The National Eligibility cum Entrance Test for undergraduate medical admissions, NEET-UG, is the gateway for every aspiring doctor in India. In 2026 the examination was thrown into chaos when the question paper leaked — by the Opposition's account, circulating on WhatsApp before candidates had even entered their halls. The fallout was severe enough to force cancellation and disruption, upending the plans of roughly 22 lakh students who had spent years preparing for a single high-stakes morning.

Union Education Minister Dharmendra Pradhan responded by announcing that NEET would be shifted to a computer-based test (CBT) format from the next cycle, the implicit promise being that a digital examination is harder to leak than a printed paper physically transported to thousands of centres. For the Opposition, that concession was an admission rather than a fix.

The Backdrop

The leak did not occur in a vacuum. It landed atop a run of examination controversies that had already eroded public confidence in the testing architecture, and it revived long-standing questions about the National Testing Agency (NTA), the body responsible for conducting the country's largest entrance examinations. The Congress has coupled its demand for Pradhan's resignation with a demand for the NTA to be disbanded and rebuilt — arguing that patching a broken institution is not the same as fixing it.

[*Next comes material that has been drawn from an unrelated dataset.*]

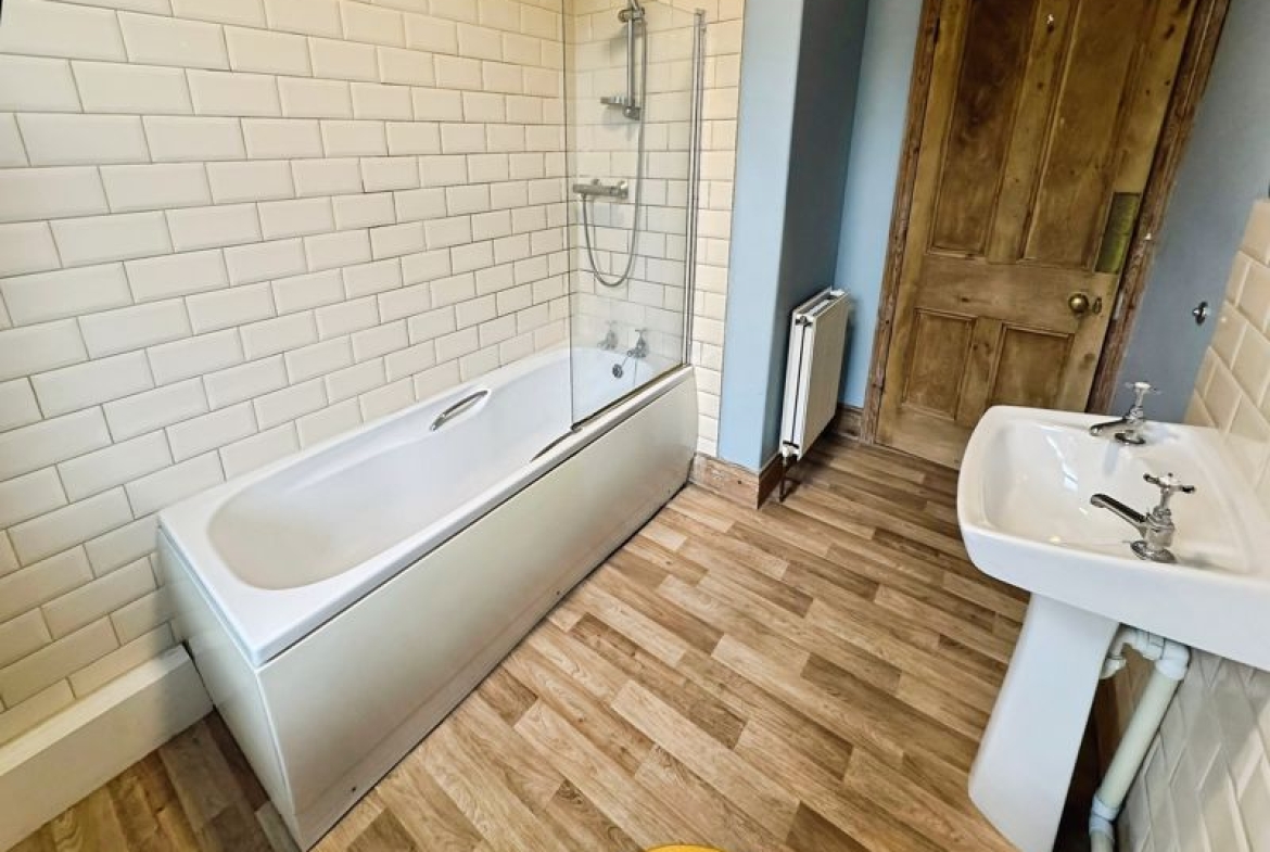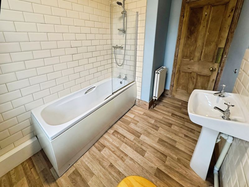 The bathroom is generous in size, offering, WC, hand wash basin and bath with mains shower over.

For a generation of students and their families who treat these exams as the one meritocratic ladder still standing, a leak is not a bureaucratic mishap. It is a betrayal of the implicit promise that hard work, not connections or cash, decides who becomes a doctor.

The Political Battle

The Opposition, led by Congress, has kept the pressure relentless. Rahul Gandhi, the Leader of the Opposition, has said the party will "not rest" until the Education Minister resigns and a leak-proof system is in place, framing the issue around the "future of lakhs of children." He has taken the campaign out of the television studio and into the field, holding direct interactions with students — including a second such session in Dehradun — to keep the grievance visible and personal.

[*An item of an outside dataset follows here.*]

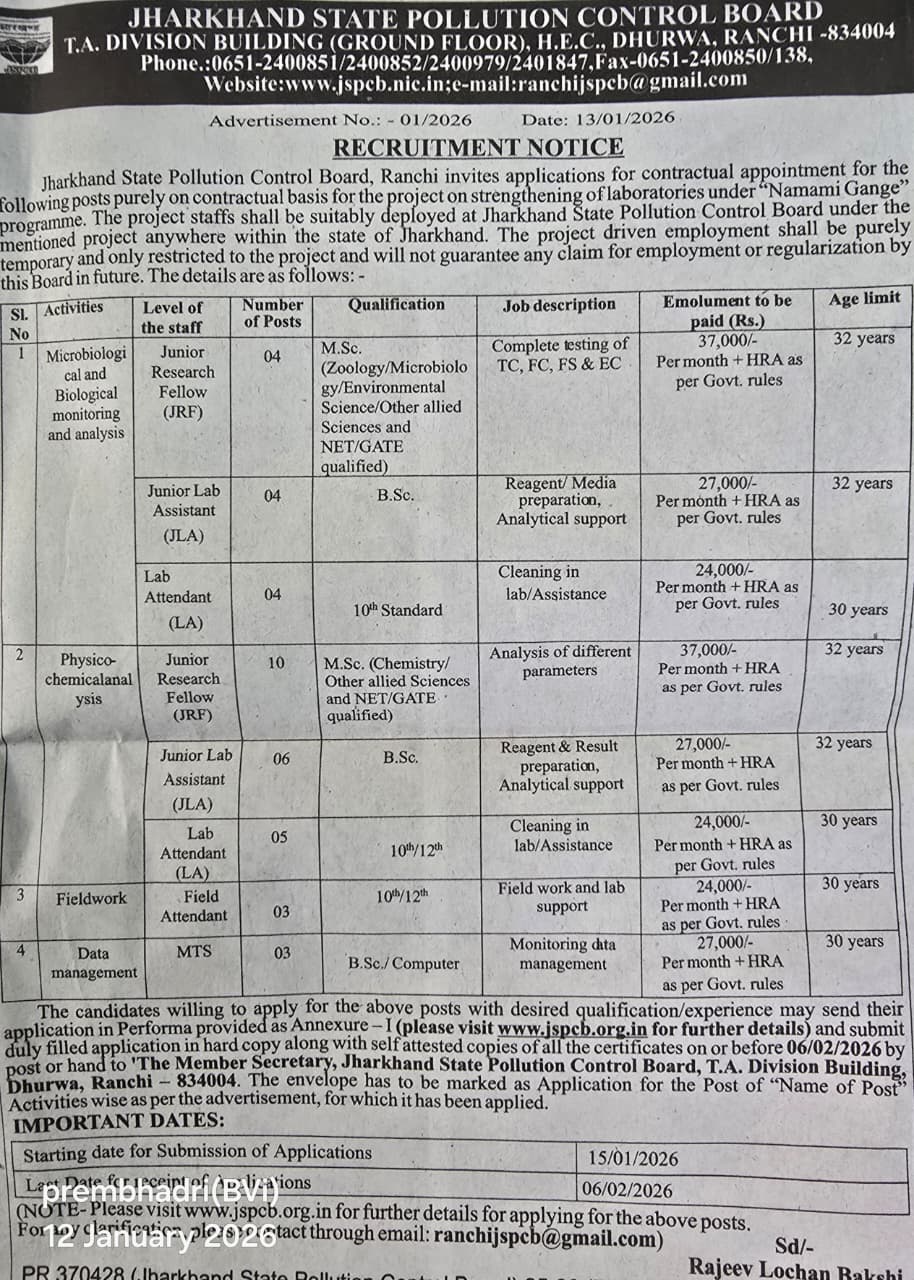 Jharkhand State Pollution Control Board (JSPCB) is a statutory organization responsible for monitoring and controlling pollution across the state of Jharkhand. The board works under various national environmental programs, including the Namami Gange Programme, focusing on strengthening laboratory infrastructure and environmental monitoring. JSPCB conducts scientific research, laboratory analysis, field surveys, and data management to protect water, air, and soil quality. The board regularly recruits skilled professionals on a purely contractual and project-based basis. These positions are temporary and limited to the project duration, without any claim for future regularization. JSPCB offers excellent exposure in environmental research, laboratory analysis, and fieldwork.

Congress general secretary K.C. Venugopal has been the organisational engine of the campaign, announcing a nationwide student outreach with conventions focused on paper leaks, examination reform, unemployment and accountability for recurring irregularities in recruitment and entrance tests. The strategy is deliberate: convert a single scandal into a durable narrative about a government that cannot guarantee a fair exam.

The Government's Defence

Pradhan has not conceded ground. He has acknowledged that the leak "shouldn't have happened" while accusing Rahul Gandhi of exploiting student anxiety for political gain. He has contested specific claims — including disputes over centre allotments that the NTA said it had proactively rectified — and demanded an apology from the Congress leader, arguing that Opposition rallies and rhetoric compounded the disruption rather than helped the affected candidates.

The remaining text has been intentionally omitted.